> SOURCE MATERIAL:

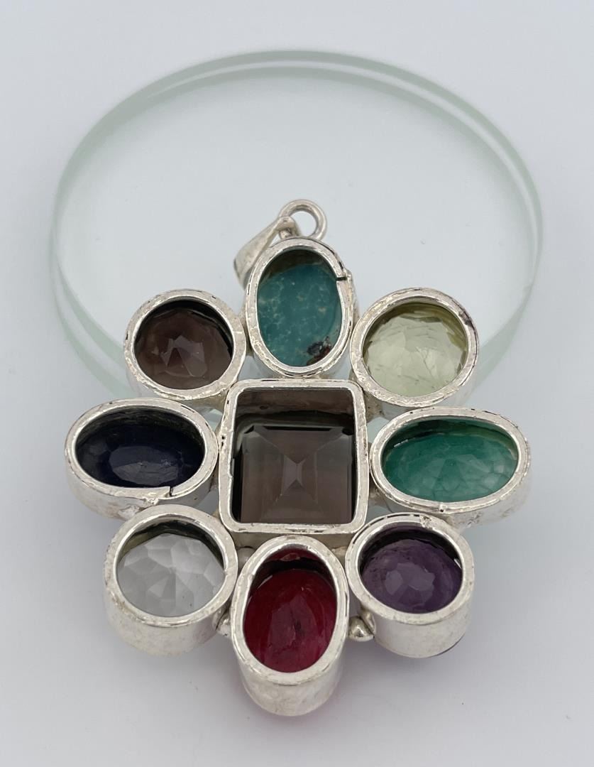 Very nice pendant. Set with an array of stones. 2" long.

---

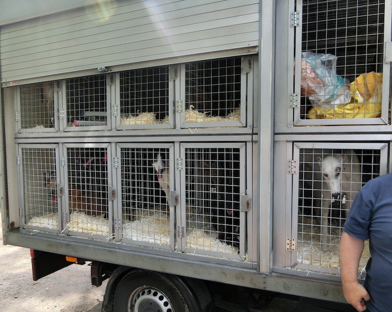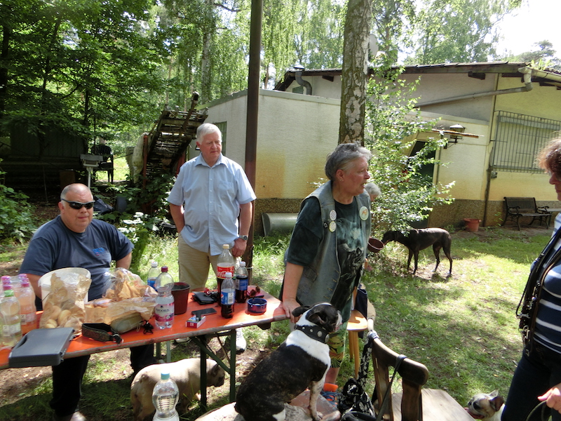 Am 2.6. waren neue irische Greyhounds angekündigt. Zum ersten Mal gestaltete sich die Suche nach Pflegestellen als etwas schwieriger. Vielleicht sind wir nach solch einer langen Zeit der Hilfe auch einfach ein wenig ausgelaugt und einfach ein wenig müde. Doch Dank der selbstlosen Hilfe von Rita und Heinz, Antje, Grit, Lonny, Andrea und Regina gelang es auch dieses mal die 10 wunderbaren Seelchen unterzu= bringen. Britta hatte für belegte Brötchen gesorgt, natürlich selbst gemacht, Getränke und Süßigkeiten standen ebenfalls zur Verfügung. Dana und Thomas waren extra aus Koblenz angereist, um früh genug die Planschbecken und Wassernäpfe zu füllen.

--

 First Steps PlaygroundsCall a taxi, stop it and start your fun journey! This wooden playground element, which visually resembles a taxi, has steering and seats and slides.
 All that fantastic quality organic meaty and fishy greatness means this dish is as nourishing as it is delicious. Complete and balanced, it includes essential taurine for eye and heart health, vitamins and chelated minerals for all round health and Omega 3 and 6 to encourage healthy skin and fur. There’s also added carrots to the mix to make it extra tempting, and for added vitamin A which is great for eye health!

> WORK ORDER: Please go over the data above and copy each line with "which" in it.

> THE ANSWER:
 First Steps PlaygroundsCall a taxi, stop it and start your fun journey! This wooden playground element, which visually resembles a taxi, has steering and seats and slides.
 All that fantastic quality organic meaty and fishy greatness means this dish is as nourishing as it is delicious. Complete and balanced, it includes essential taurine for eye and heart health, vitamins and chelated minerals for all round health and Omega 3 and 6 to encourage healthy skin and fur. There’s also added carrots to the mix to make it extra tempting, and for added vitamin A which is great for eye health!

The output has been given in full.